**Provided data**
◆ ◆ ◆ ◆

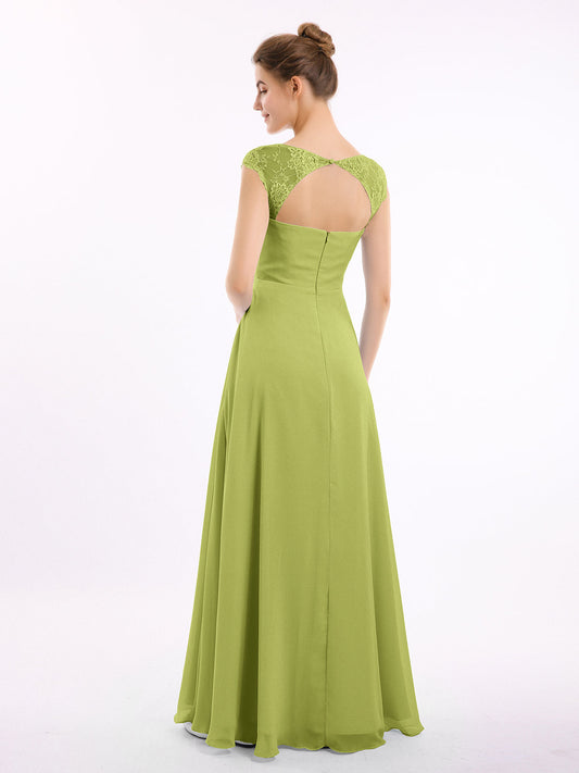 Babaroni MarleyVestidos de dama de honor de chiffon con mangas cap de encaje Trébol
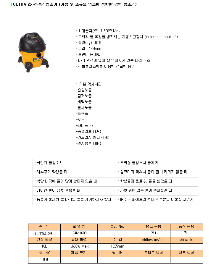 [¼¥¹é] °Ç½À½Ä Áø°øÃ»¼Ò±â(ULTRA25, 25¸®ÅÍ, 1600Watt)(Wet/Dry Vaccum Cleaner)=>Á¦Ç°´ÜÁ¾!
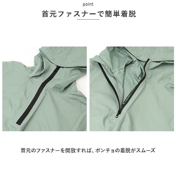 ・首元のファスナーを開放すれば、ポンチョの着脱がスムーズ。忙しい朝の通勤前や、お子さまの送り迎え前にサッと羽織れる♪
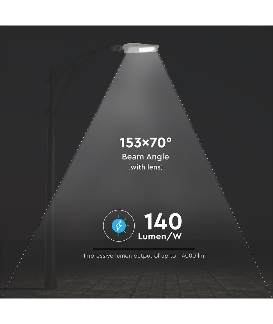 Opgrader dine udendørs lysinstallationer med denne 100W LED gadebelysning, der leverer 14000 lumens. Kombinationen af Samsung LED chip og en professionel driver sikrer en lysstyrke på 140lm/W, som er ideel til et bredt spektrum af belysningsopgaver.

◆ ◆ ◆ ◆

**Assignment**
A word-for-word copy of the listing is needed. It must not include the pictures.

**Exercise answer**
 Babaroni MarleyVestidos de dama de honor de chiffon con mangas cap de encaje Trébol
 [¼¥¹é] °Ç½À½Ä Áø°øÃ»¼Ò±â(ULTRA25, 25¸®ÅÍ, 1600Watt)(Wet/Dry Vaccum Cleaner)=>Á¦Ç°´ÜÁ¾!
 ・首元のファスナーを開放すれば、ポンチョの着脱がスムーズ。忙しい朝の通勤前や、お子さまの送り迎え前にサッと羽織れる♪
 Opgrader dine udendørs lysinstallationer med denne 100W LED gadebelysning, der leverer 14000 lumens. Kombinationen af Samsung LED chip og en professionel driver sikrer en lysstyrke på 140lm/W, som er ideel til et bredt spektrum af belysningsopgaver.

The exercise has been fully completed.